I'd ask you to write out the lines below exactly, with no images.

[DATA SECTION]
BEGIN
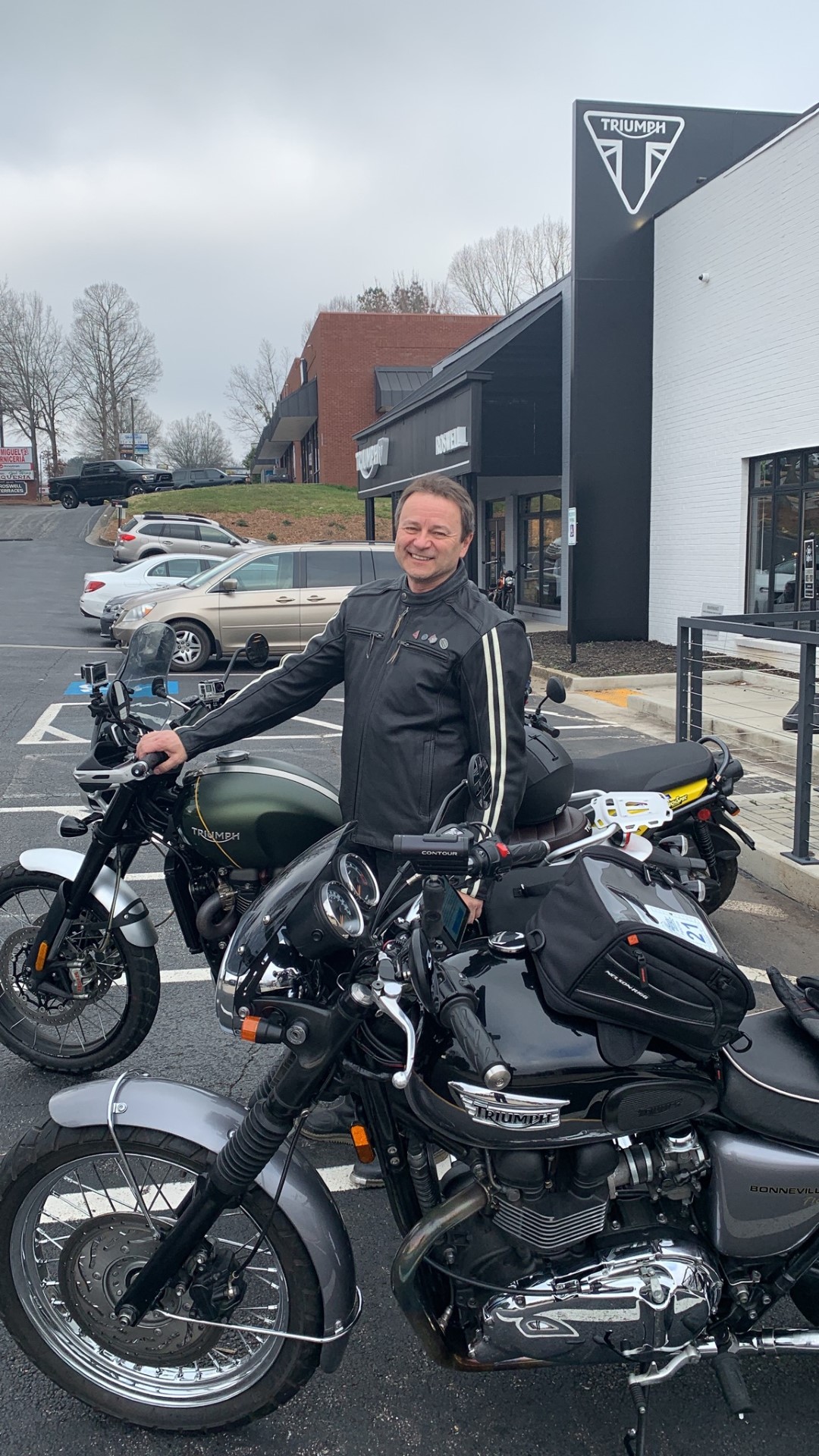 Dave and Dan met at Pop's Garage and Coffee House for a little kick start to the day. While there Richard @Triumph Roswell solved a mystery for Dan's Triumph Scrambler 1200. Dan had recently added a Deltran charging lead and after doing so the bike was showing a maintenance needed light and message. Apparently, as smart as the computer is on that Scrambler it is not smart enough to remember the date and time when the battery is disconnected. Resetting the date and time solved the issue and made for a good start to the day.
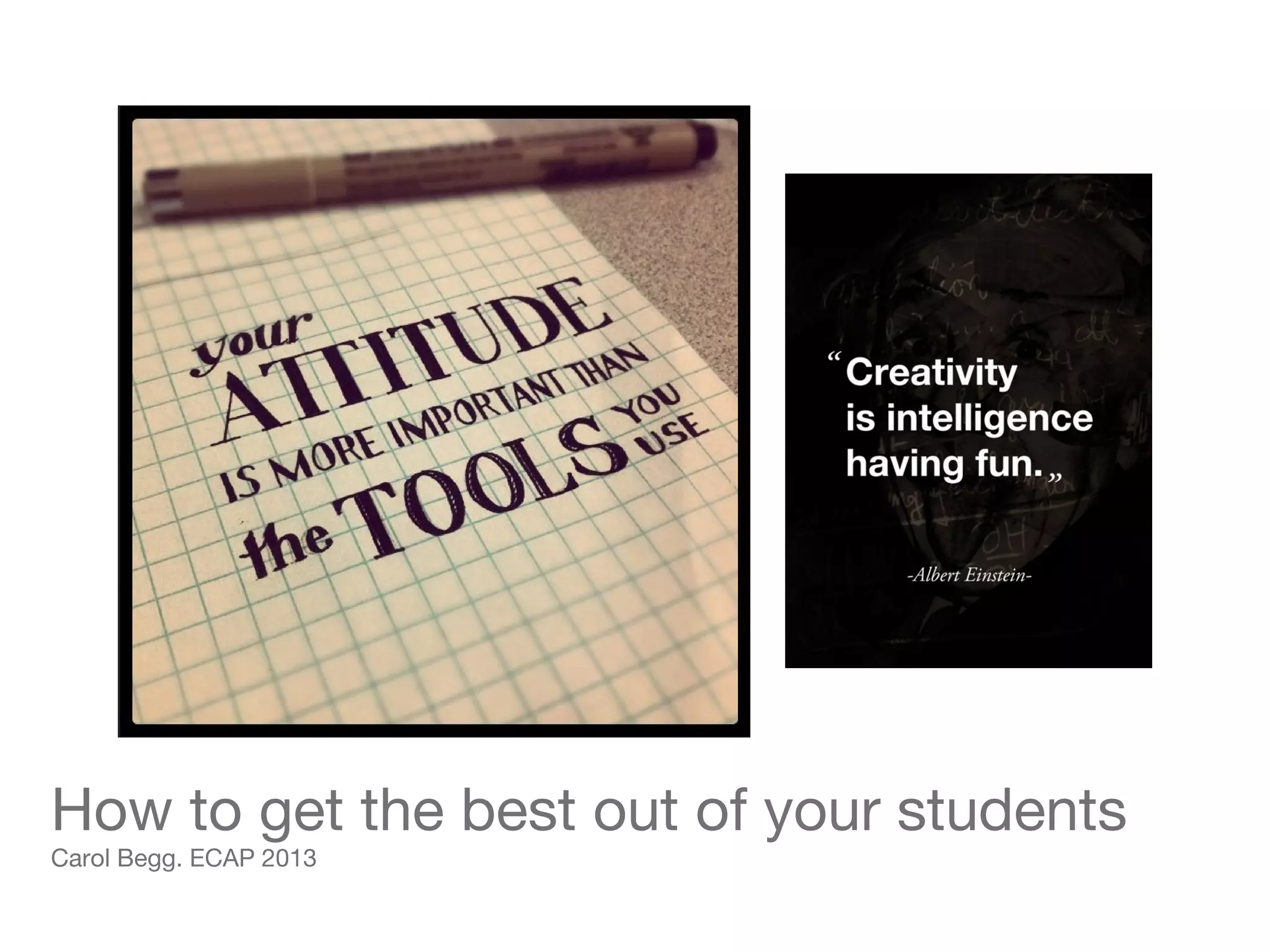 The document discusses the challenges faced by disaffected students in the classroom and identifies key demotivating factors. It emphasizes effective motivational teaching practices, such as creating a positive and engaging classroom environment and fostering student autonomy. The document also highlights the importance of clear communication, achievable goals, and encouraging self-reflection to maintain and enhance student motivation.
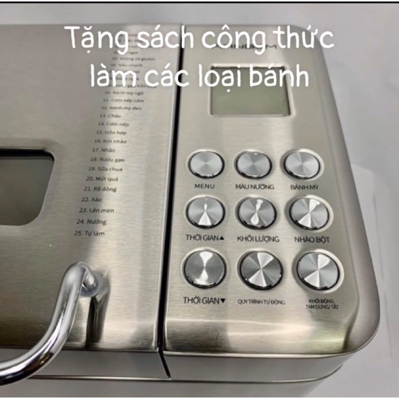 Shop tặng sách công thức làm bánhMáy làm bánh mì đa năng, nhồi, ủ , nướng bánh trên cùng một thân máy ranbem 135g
END
[ANSWER BOX]
 Dave and Dan met at Pop's Garage and Coffee House for a little kick start to the day. While there Richard @Triumph Roswell solved a mystery for Dan's Triumph Scrambler 1200. Dan had recently added a Deltran charging lead and after doing so the bike was showing a maintenance needed light and message. Apparently, as smart as the computer is on that Scrambler it is not smart enough to remember the date and time when the battery is disconnected. Resetting the date and time solved the issue and made for a good start to the day.
 The document discusses the challenges faced by disaffected students in the classroom and identifies key demotivating factors. It emphasizes effective motivational teaching practices, such as creating a positive and engaging classroom environment and fostering student autonomy. The document also highlights the importance of clear communication, achievable goals, and encouraging self-reflection to maintain and enhance student motivation.
 Shop tặng sách công thức làm bánhMáy làm bánh mì đa năng, nhồi, ủ , nướng bánh trên cùng một thân máy ranbem 135g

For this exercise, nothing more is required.